Once the anchor that is the initial judgement is established, other decisions are based by adjusting or drifting away from that particular anchor and in essence, there is often a predisposition inferring other information on the basis of the anchor.

In money matters, when numbers are involved, the anchor refers to the first number we have seen or recall, even though it may be entirely unrelated number. For example, initial offers have a strong effect in price negotiations. MIT undertook a study where M.B.A students were asked how much they would agree to bid for a set of random items, all of which they did not know the price off. Prior to the auction, they had to note down the last two numerals of their social security numbers. The scientists noticed that the student’s bid amounts were prominently predisposed by the last two digits of their S.S.N, even though the Social-Security Numbers had nothing in common to the price of the item that they were bidding for. Students who had noted down a larger number bid on a significantly higher amount in comparison to those who had noted smaller numbers.

Is the cognitive bias of anchoring-effect contributing to the growing debt problem of Singapore, if so then how? The two most prominent numbers we see here are the credit limits and the minimum monthly pay-out.

Understand How Your Credit Limit Works As An Anchor

First have a look at your credit limit, and consider these two situations below:

Situation one: Your salary is S$3000 a month. You see the latest iPhone X selling at $1888. Which of these two options will you agree with more?

Option one, the phone seems reasonably priced. Option two, the phone seems expensive.
Situation two: Your salary is S$3000 a month. Your credit card has a limit of $10,000. You see the latest iPhone X retailing at a price of $1888. Which of the following options will you agree with more? Option one, the phone seems reasonably priced.  Option two, the phone seems expensive.

If you feel the phone is easily affordable in situation two, then you are likely to run into credit card debts. When we have a credit card, the card limit is set as the first anchor due to which we are more enthusiastic to spend even though you may not have that money. Studies show that there is a connection between thinking about the money you may have in your account and increase in expenditures.

Understand How The Minimum Pay Out Works As An Anchor

A high credit limit will make you spend more money and the minimum monthly pay-out may get you caught up in debts. Warwick University did a study where they saw that card users who had a pending balance which they were unable to pay out each month, only focused on the minimum pay out mentioned on the bill. The participants in the study only looked at paying the minimum amount as though it was assumed that this was the final amount to pay. Even those who could pay a large amount still paid only the minimum pay-out.
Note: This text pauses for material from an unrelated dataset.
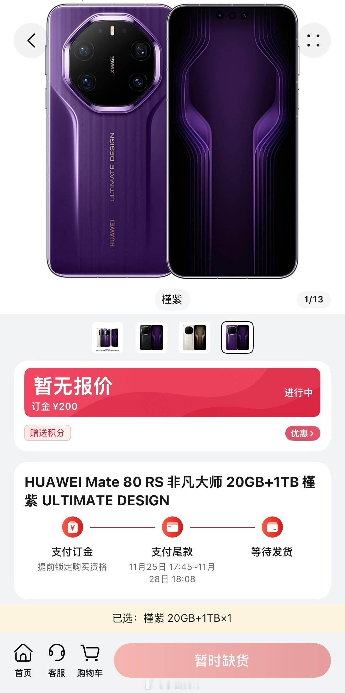 华为Mate80系列今天中午12:08开启预订高清外观照来了,一个金色,一个紫色

Once the banks increased the monthly pay-out or removed it, cardholders paid more each month. Upon further studies, scientists observed that even if the minimum pay-out was changed to aid in clearing the debt within 36 months, users once again started anchoring on the minimum number. To understand this in other words, due to anchoring, the minimum monthly pay-out makes credit card users retain they debts by even though the rate of interest has been manipulated. This makes card users in Singapore end up with rollover debts and unknowingly pay more interest than required.

Overcome The Anchor Effect

The anchor-effect is one of the rare few cognitive biases that can be overcome and benefited from. If you are one of those card holders who are stuck in a rollover debt, we would advise you to overlook the minimum amount in your credit card bill. In its place knowingly anchor yourself on a sum of money that you’ll be comfortable in paying out each month.

Think of an amount that would let you clear you of your debt within a year or lesser. Don’t forget to consider the interest-rate as well. This is the way you should estimate how much your monthly pay-outs should be. (Presentdebt x 1.YY) / 12, where YY = annual interest rate.

Let’s assume the amount due is S$6,000 on a credit card with an annual interest of 30%. The calculation would then go like this:
Step 1: S$6,000 x 1.30 = S$7,800
Step 2: S$7,800 / 12 = S$650

To clear your debt, you will have to pay S$650 per month for a year. If it’s difficult for you to close your debt within the year, aim for 18 or 24 months. Don’t forget that interest is applied every month, so if you clear more each month, the more you reduce your interest rate. Simply put, the faster you pay the lesser the interest. After you’ve done the maths for your monthly payments; place a sticky note somewhere you can observe it every day. In this way, you are making this number your anchor, instead of the minimum pay-out amount.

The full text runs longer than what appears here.